## Required action
Return the exact lines spanning from the line with "リネンのロングシャツ(ブラック・F)¥22,880(tax in)" through the last line of the entries, boundaries included, and no others.

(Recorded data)
——
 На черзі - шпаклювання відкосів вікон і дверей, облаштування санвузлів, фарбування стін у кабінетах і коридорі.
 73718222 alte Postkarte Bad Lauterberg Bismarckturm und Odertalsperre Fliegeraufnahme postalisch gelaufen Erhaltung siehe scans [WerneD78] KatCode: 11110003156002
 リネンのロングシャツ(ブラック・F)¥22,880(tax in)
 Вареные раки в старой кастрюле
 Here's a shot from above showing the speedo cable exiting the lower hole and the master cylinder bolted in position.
——
## Exercise output
 リネンのロングシャツ(ブラック・F)¥22,880(tax in)
 Вареные раки в старой кастрюле
 Here's a shot from above showing the speedo cable exiting the lower hole and the master cylinder bolted in position.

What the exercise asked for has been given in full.